By IAN LOVETT
Environmentalists in this greenest of places, call the California Environmental Quality Act the state’s most powerful
environmental protection, a model for the nation credited with preserving lush
wetlands and keeping condominiums off the slopes of the Sierra Nevada.
But the landmark law passed in 1970 has also been increasingly abused,
opening the door to lawsuits — sometimes brought by business competitors or for
reasons unrelated to the environment — that, regardless of their merit, can
delay even green development projects for years or sometimes kill them
completely.
With California still mired in what many
consider its worst economic crisis since the Great Depression, the law, once a source of pride to many
Californians and environmentalists across the country, has turned into an
agonizing test in the struggle to balance environmental concerns against the
need for jobs and economic growth.
“Something is broken,” said Leron Gubler,
the president of the Hollywood Chamber of
Commerce.
“A lot of jobs could have been saved if not for these lawsuits, as well as new
jobs once these projects were completed.”

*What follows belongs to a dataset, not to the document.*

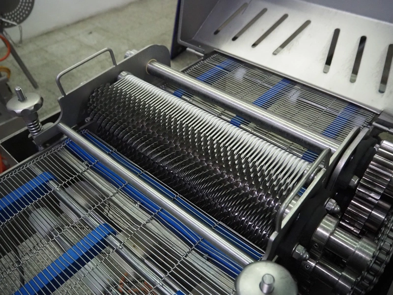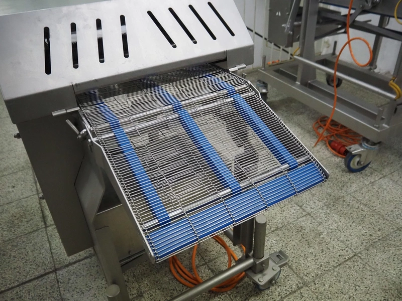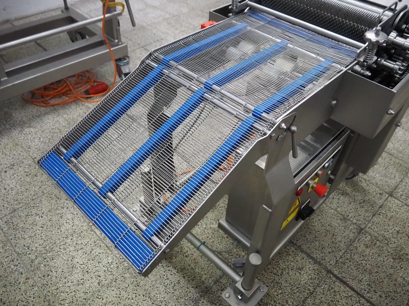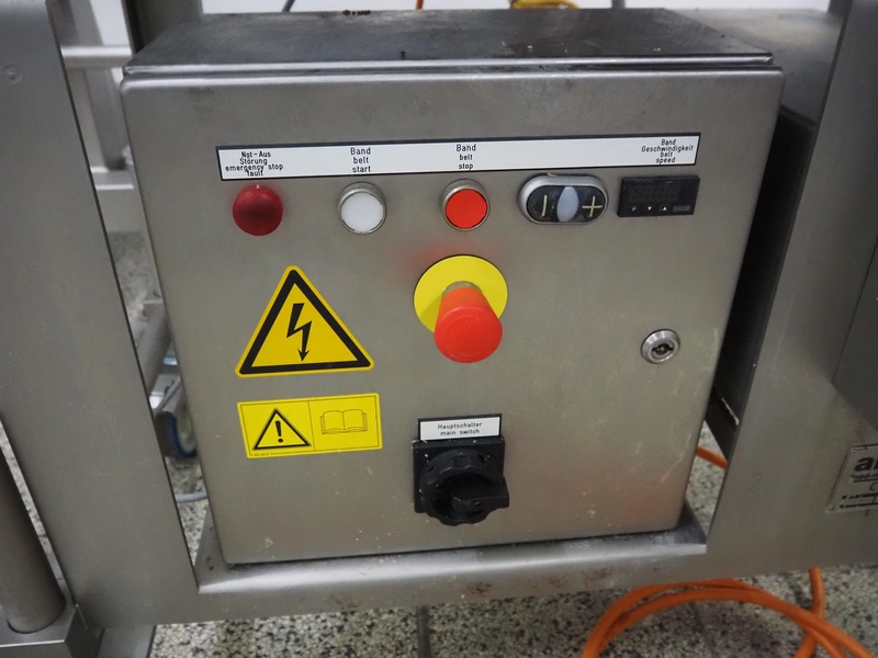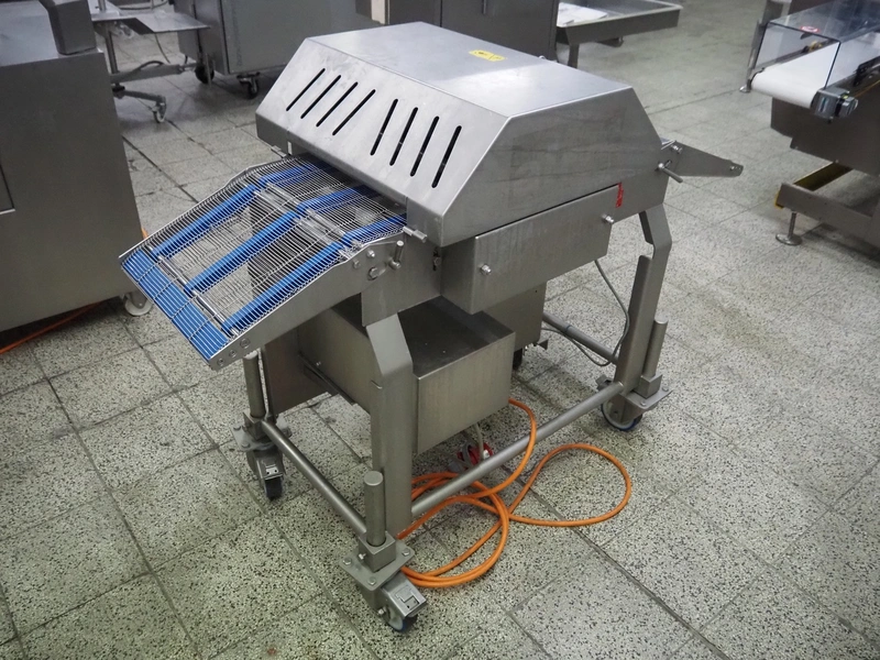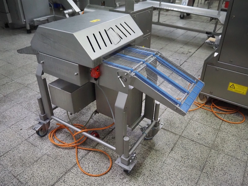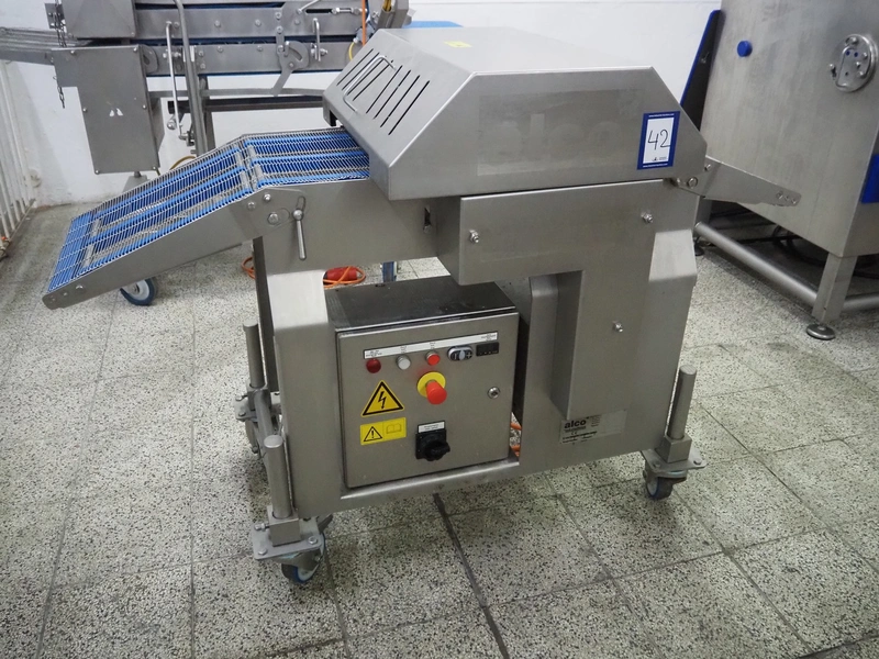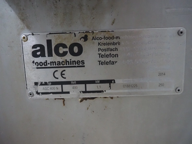 Alco food machines GmbH mobile tenderiser, type: ASC 400 N, serial number: 01881225, year of construction: 2014, 400 V, 1.1 kW, weight: 250 kg, s/s mesh belt, belt width: 250 mm, total dimensions: 1900 mm x 750 mm x 1900 mm.

Mr. Gubler said lawsuits and the threat of
litigation had delayed at least seven recent projects in Hollywood, costing the
area more than 6,000 jobs.
In one of those Hollywood projects, the
developers of a mixed-use retail and residential project won a lawsuit over its
building plans, but the owners declared bankruptcy and sold before the ruling.
Work has finally begun under new ownership, but another lawsuit has been filed.
In San Francisco, the city’s plan to paint
bicycle lanes, one of the main goals of environmentalists, was delayed for four
years by a lawsuit filed by a local resident who claimed that the lanes could
cause pollution.
And it is not only big projects that are litigation
targets. In San Jose, a gas station has been indefinitely prevented from adding
another pump because of a lawsuit filed by the owner of a competing gas station
across the street.
Republicans and business advocates have
sought for years to weaken the law, describing it as one of the most egregious
examples of an overregulated economic climate that has driven so much business
from the state.
But in the 42 years since Gov. Ronald Reagan
signed the Environmental Quality Act into law, attacks against the measure have
largely failed, a testament to the power of the environmental lobby and to the
importance of environmental issues to voters here.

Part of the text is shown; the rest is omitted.